Do I understand correctly that you are charging under Article 16 of the Competition Law? What kind of article is this?

This is a very proof-heavy article. Collusion between government authorities and business entities. It is clear that other security organizations may also have claims behind this economic clause. Therefore, we must understand the situation very carefully. Was there a conspiracy, or was it someone’s negligence, or an accidental coincidence, or a leak of information that we will or will not be able to prove. Quite serious complaints.

In your work experience, are there any precedents when such processes end in court decisions? Are the perpetrators punished? How difficult is this to prove?

Of course, there are such cases in the FAS practice. And in our practice, we have had such cases, as a rule, when, for example, land plots are provided without bidding to a certain structure and when certain documents are found confirming that the parties have agreed on their actions - both the organizers and participants in the bidding exist. I can’t say that there are very many of them. As a rule, such cases are very successful when they are initiated law enforcement agencies, transmitting some operational data. My colleagues do not often, but such things happen.

And what threatens the violators if guilt is proven? And who will answer - individual or the company itself?

As a rule, this is an official of the customer. In this case, it could be the UGC or the city administration, if there are still culprits. For business entities this is a legal entity. These are turnover fines. As a rule, very large. Percentage from 1 to 15 of the company’s turnover. We see that the companies were formed 11 days before participating in the auction; they have no turnover. The maximum fine that these companies can receive is 100 thousand rubles each. But, as a rule, we transfer Article 16 to law enforcement agencies. According to Article 178 of the Criminal Code, the conspiracy of the organizer and the conspiracy of the participants is sanctioned, and there the sanction is up to 5 years in prison.

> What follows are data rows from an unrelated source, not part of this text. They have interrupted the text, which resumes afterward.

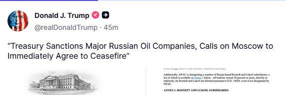«Министерство финансов вводит санкции против крупных российских нефтяных компаний и призывает Москву немедленно согласиться на прекращение огня»
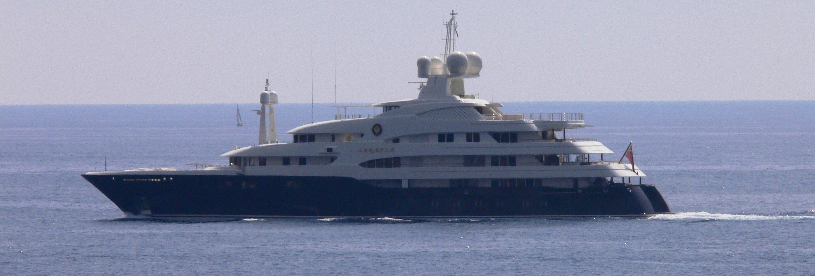 M/Y SARAFSA is was designed for a Middle Eastern owner who previously owned a 54m Amels now called M/Y Faribana. The 82m majestic yacht has a six-deck structure, a glass topped atrium, a winter garden style dining room that can be open or enclosed thanks to sliding glass screens and a spa with a retractable roof on the sun deck, forward of the helipad. The mega yacht SARAFSA has a wide range of amenities including her own car.
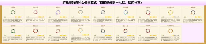 游戏里的各种头像框样式记录
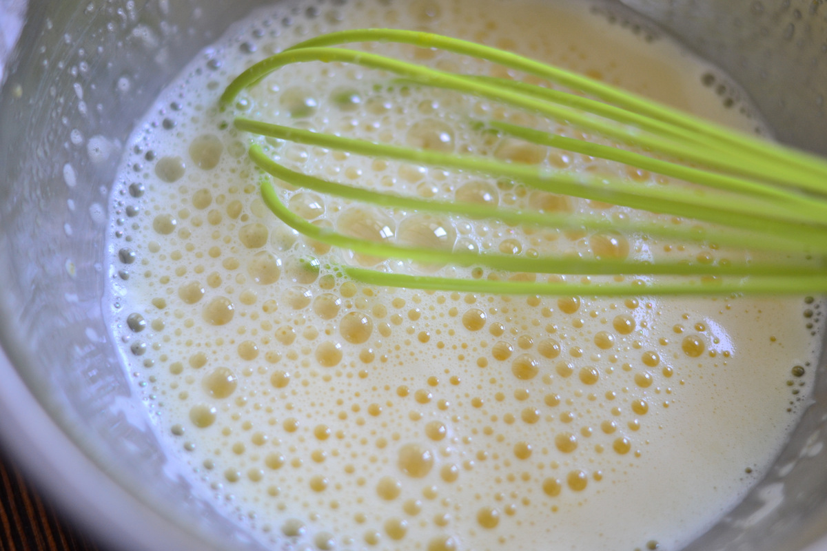 Добавляем крахмал и снова хорошо перемешиваем,чтобы не было комочков. Тем временем ставим молоко на огонь и подогреваем его,но не кипятить. Как только молоко подогреется,влить немного его в яичную смесь,перемешать и вылить обратно всю смесь в кастрюлю тоненькой струйкой, не забываю помешивать венчиком. Варить до загустения.

The worst thing is that a criminal sentence cannot be ruled out.

Moreover, the amounts are decent. Our neighbors in the Novgorod region 4 or 5 years ago road works at a cost of just over 100 million, and the damage to the state was calculated precisely at the cost of the contract. People received real sentences, both from economic entities and from government agencies.

That is, both the customer - someone from the Pskov administration - and the direct executor - the founding company - could face a criminal sentence?

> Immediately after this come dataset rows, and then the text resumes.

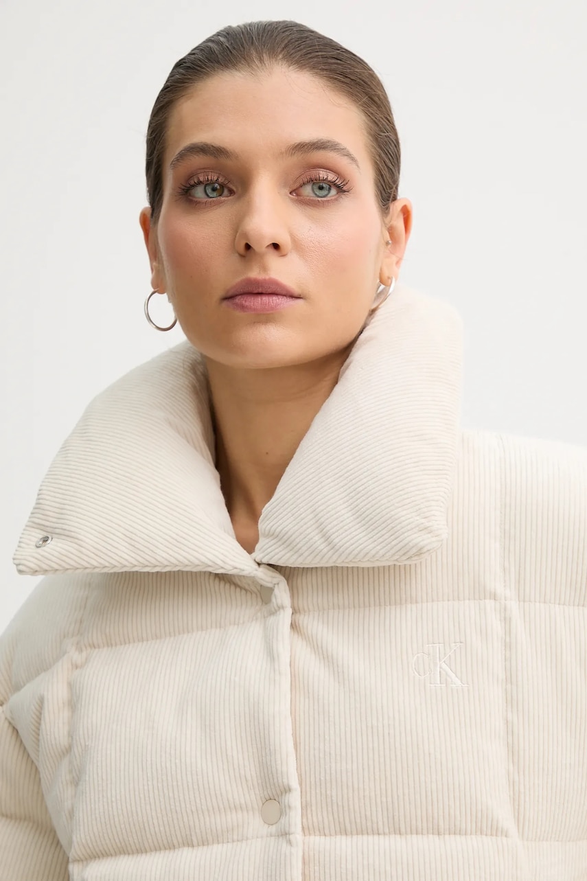 Calvin Klein Jeans kurtka sztruksowa puchowa kolor beżowy zimowa LV044D527G
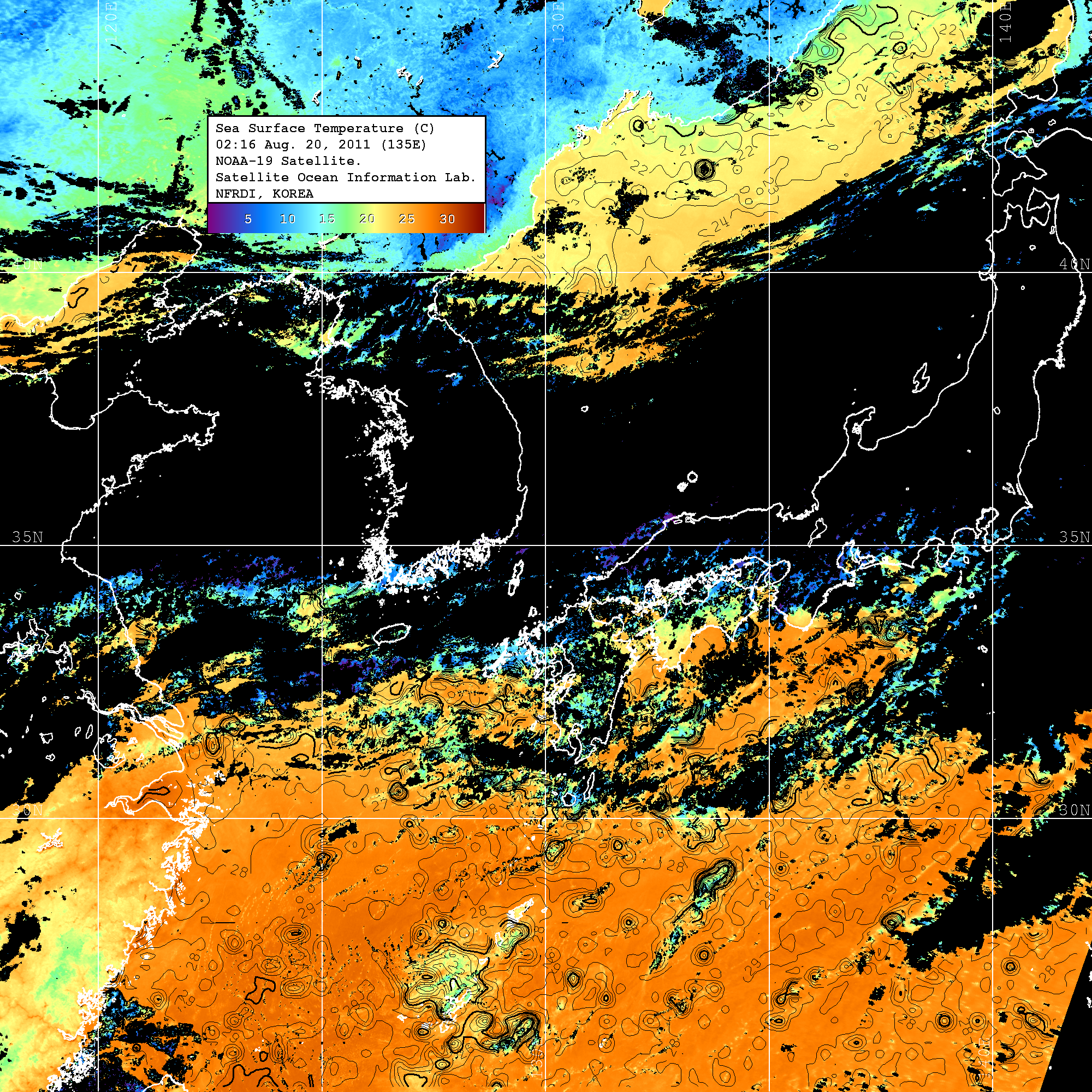 o 2011년 08월 20일 02시 16분 NOAA-19호 위성영상입니다. o 수온분포는 범례를 참고하시기 바랍니다. o 검은색은 구름을 나타냅니다. o 그림을 클릭하시면 크게 보실 수 있습니다.
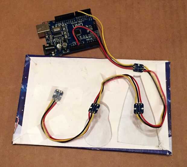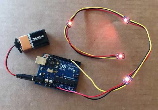 El primer LED después de Arduino es #0, entonces la segunda es #1 etc - en orden de medida que te alejes de la Arduino. El orden es importante para el programa para asegurarse de que Tú iluminas los derecho con los colores de la derecha.

Yes, this is natural if this composition is proven.

Olga Viktorovna, have you had complaints about the company with the same founders before or is this the first time such complaints have been made?

There were certain complaints, but not about these participants. These founders were not found to have colluded. Naturally, we are now checking these facts, how the companies of these owners have participated in auctions for the last 2-3 years. We are now analyzing all this information.

You just cited the example of our neighbors and voiced one of the cases. I remember the statement of the Federal Antimonopoly Service that the road industry is one of the leaders in cartel agreements. Is it so?

Our central office, naturally, analyzes all the information. I think this is due to the fact that the biggest money in this industry and the biggest damage to the state is established in this market.